Sorte da editora que publicou Machado no inglês. Logo após a recomendação de Courtney, a tradução de Memórias Póstumas de Brás Cubas feita por Flora Thomson-DeVeaux e editada pela Penguin Books tornou-se a mais vendida na categoria de literatura caribenha e latino-americana na Amazon dos EUA.
"Vi que algo grande estava acontecendo"
Foi na Bienal Internacional do Livro do Rio de Janeiro, em 2023, que Tati Ramos, coordenadora de marketing da editora Rocco, deu-se conta de que os influenciadores literários já tinham virado um tipo de celebridade de internet.
— Aquele momento foi um divisor de águas. Foi ali que eu vi que algo grande estava acontecendo. Os adolescentes iam atrás e pediam para fazer fotos com eles — lembra.
Fundada em 1975, no Rio de Janeiro, a editora decidiu, a partir daí, estreitar relação com quem sabe conquistar as redes sociais falando de literatura. Passou a fazer dois tipos de ação: enviar livros para leitores fiéis da Rocco, sem necessidade de que eles fizessem algum tipo de conteúdo, e contratar personalidades específicas para divulgar alguns títulos, parceria coloquialmente chamada de "publi".
Mas há uma estratégia: enviar um tipo de leitura que combine com o perfil de determinado influenciador, cuidado que outras empresas do setor também adotam, como o clube de livros TAG — Experiências Literárias, de Porto Alegre, com 10 anos recém- completados.
Sócia e diretora de marketing da TAG, Laura Zuanazzi conta que esse tipo de parceria surgiu para eles em 2019, quando chamaram a influenciadora Jout Jout para ser embaixadora da campanha Um Livro por Mês.
— A gente focava influenciadores de lifestyle como a Jout Jout, mas depois entendemos que havia uma riqueza muito grande em focar diretamente os influenciadores de livros. Porque eles amam a literatura e agregam muito valor ao conteúdo criado — diz.
Para Laura, a linguagem simples dos influenciadores literários democratiza a reflexão sobre livros e literatura. Como a editora fornece cupom aos influenciadores para que eles repassem a seus seguidores, a TAG consegue calcular o impacto dessa parceria: passa de 20% a representatividade deles nas vendas da editora.
— A gente fala que os influenciadores ajudam a tirar a literatura do pedestal. Não tem aquela coisa do "eu sou leitor e estou em um nível diferente de outras pessoas". Se a pessoa ainda não lê, é porque não encontrou a sua paixão na literatura. E os influenciadores de livros ajudam as pessoas a entender o tipo de livro que vão gostar de ler — considera.
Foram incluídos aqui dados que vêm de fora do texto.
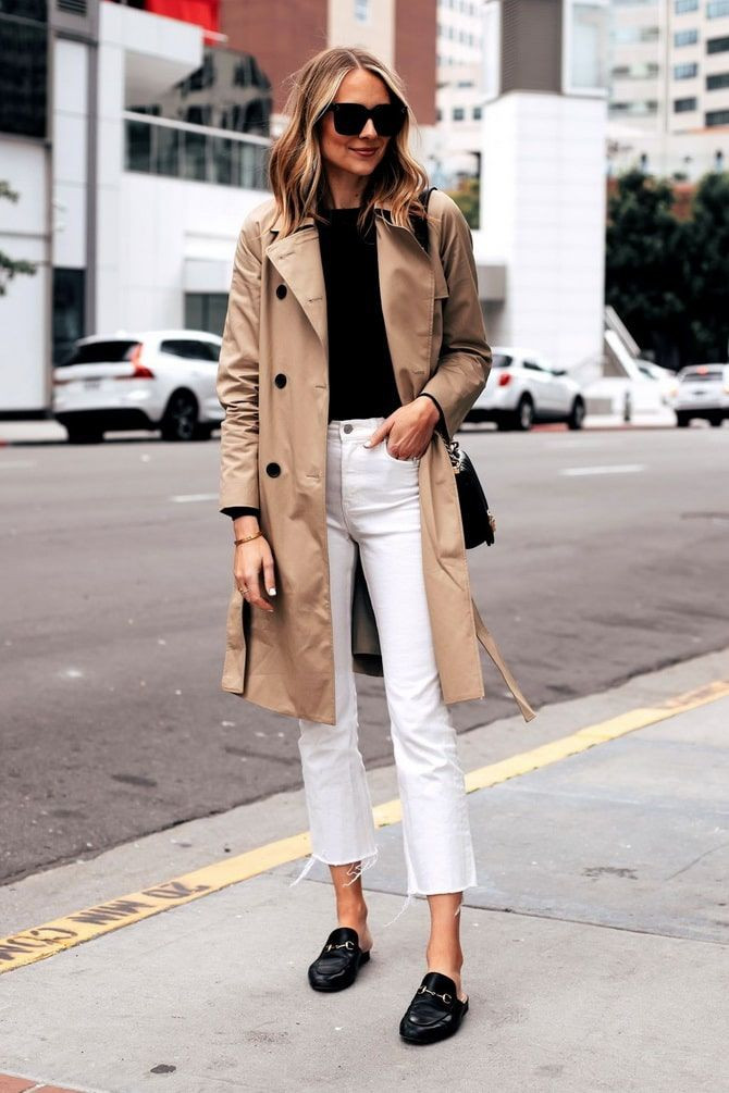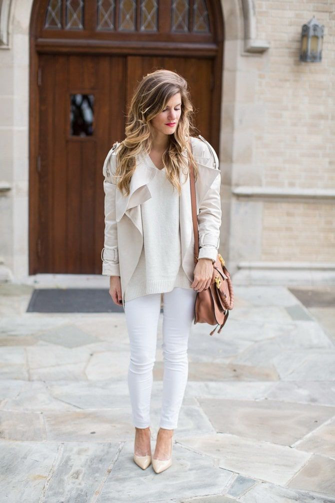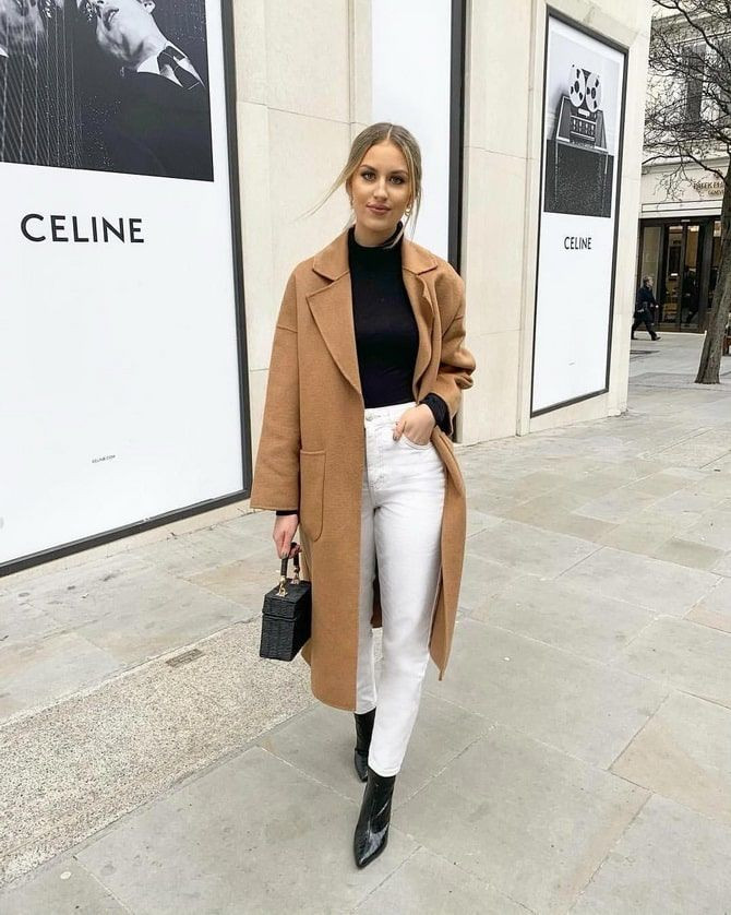 Белый цвет хорошо сочетается с мягкой пастелью осени. Потому, когда будете выбирать цвет пальто под белые джинсы, обратите внимание на бежево-коричневые оттенки. Цвет капучино, карамель, верблюжий, кремовый, коньячный, нюдовый создает налет французского шика. Такая гамма цветов очень подходит блондинкам, а брюнеткам следует выбирать более холодные тона.
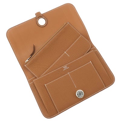 エルメス HERMES 長財布 ドゴンデュオ ドゴンGM トゴ ゴールド シルバー金具 茶 二つ折り財布 2024年製 W 【箱】 【中古】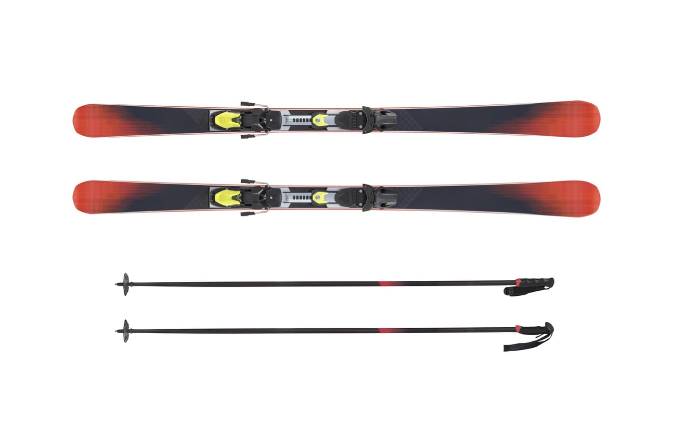 Skipakken inneholder ski, staver, fellesystem, og bindinger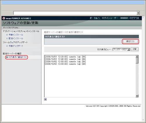[ソフトウェアの管理設定]→[通信テスト]を押す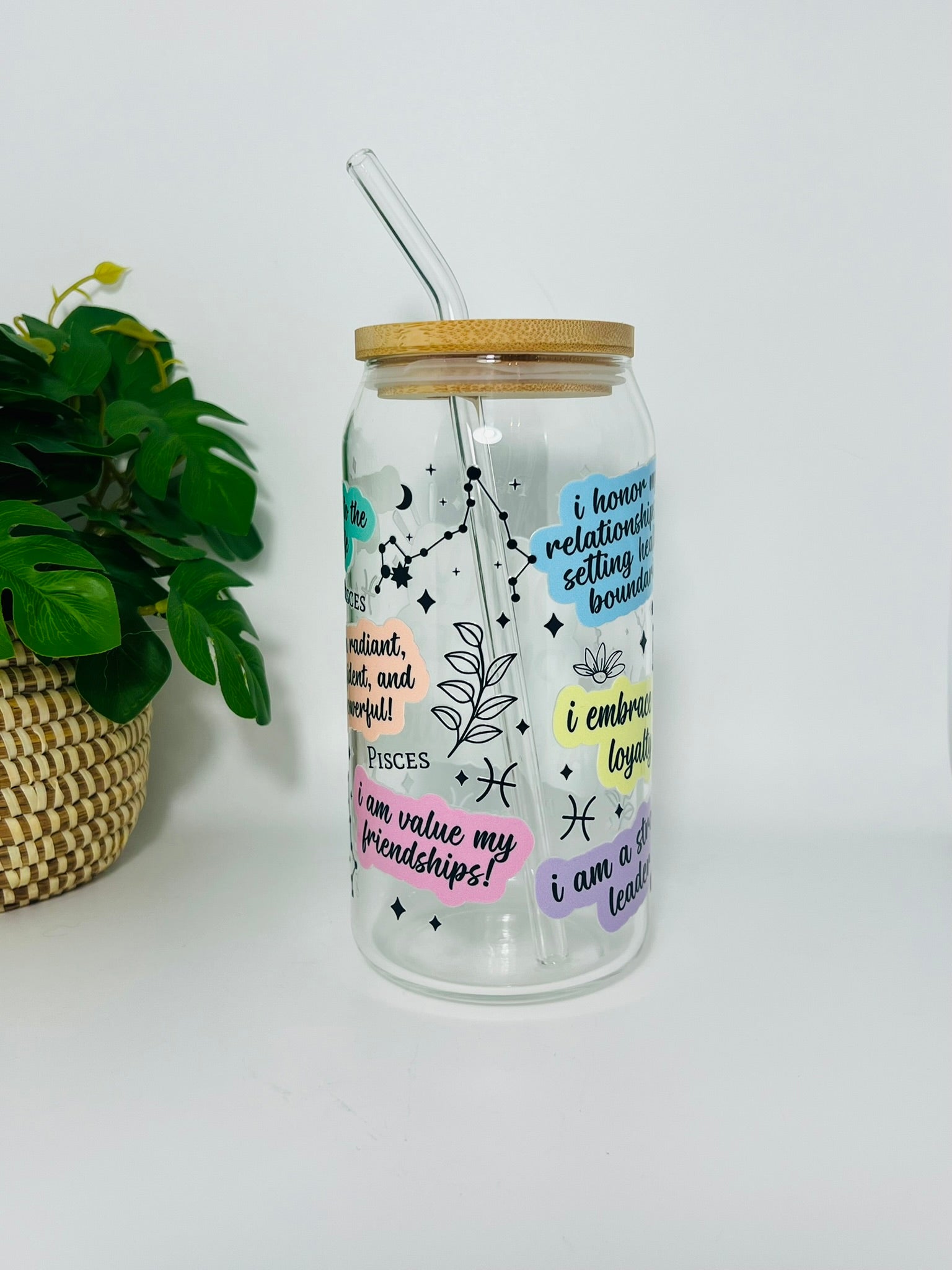 Een bamboe deksel en glazen rietje worden meegeleverd voor een stijlvolle en duurzame drinkervaring.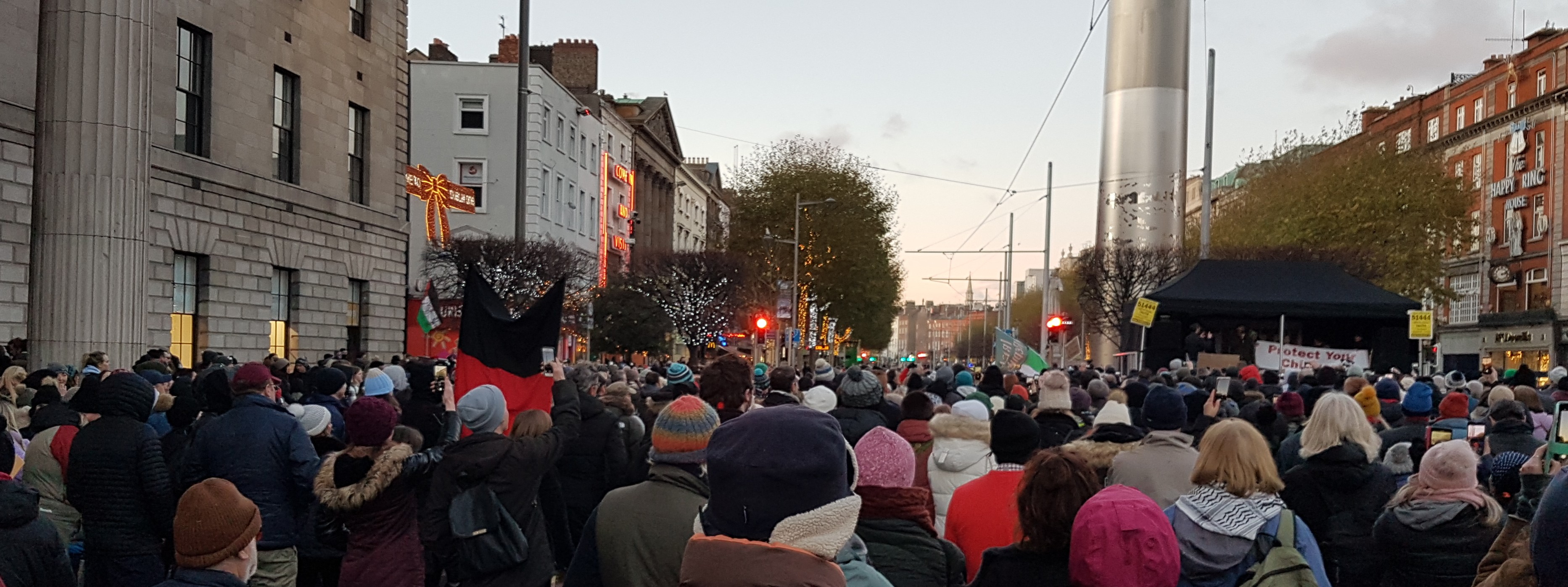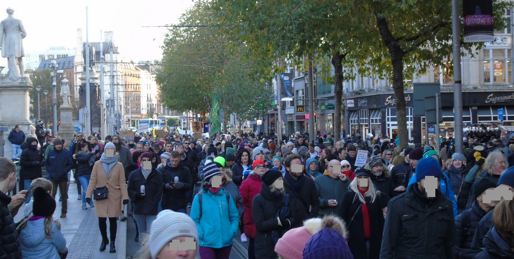 The turnout at the rally last Say was half decent with numbers ranging from 4 to 5 thousand approximately. The crowd marched from the Garden of Remembrance down O'Connell street and around by D'Olier street and back up to the Spire where the stage was setup.

Alcançando o público mais novo e hiperconectado
Um dos pontos mais elogiados na ação dos influenciadores de livros é que eles alcançam o público mais novo e hiperconectado, como observa Rafaella Machado, editora-executiva da Galera e da Verus, selos juvenis do Grupo Editorial Record, uma das editoras mais antigas do país, no mercado desde 1942.
Inclusive, a mais recente edição da pesquisa Retratos da Leitura no Brasil contraria o estereótipo de que os jovens não leem: o percentual de leitores entre as crianças de 11 a 13 anos é de 81%; entre as de 14 a 17, é de 62%. Conforme a idade avança, a taxa vai caindo. Entre as pessoas de 30 a 39 anos, apenas 45% são leitores; entre as de 40 a 49 anos, 41%.
— Quem não está lendo são os adultos. — diz Rafaella. — O jovem lê, participa e é supervocal na divulgação de livros. Quando falamos de literatura jovem, temos que falar da formação do hábito de leitura e precisamos das pessoas que vão panfletar essas histórias, panfletar essas sagas literárias que tanto atraem os jovens.
Contudo, a editora-executiva da Galera e da Verus enxerga um limite na parceria com os influenciadores. Acredita que, conforme aumente o conteúdo pago pelas editoras e diminua o orgânico (feito despretensiosamente, sem intenção de viralizar), há chance de que os influenciadores de livros percam sua potência de inspirar.
— Na medida em que há muita gente fazendo publi, a tendência é que isso engaje menos. Acho que o leitor quer uma opinião sincera sobre aquele livro. No começo, havia pessoas anônimas falando sobre livros de forma despretensiosa. A partir do momento em que isso vira modus operandi, vai saturar. E vamos ter que achar outra forma das boas histórias circularem.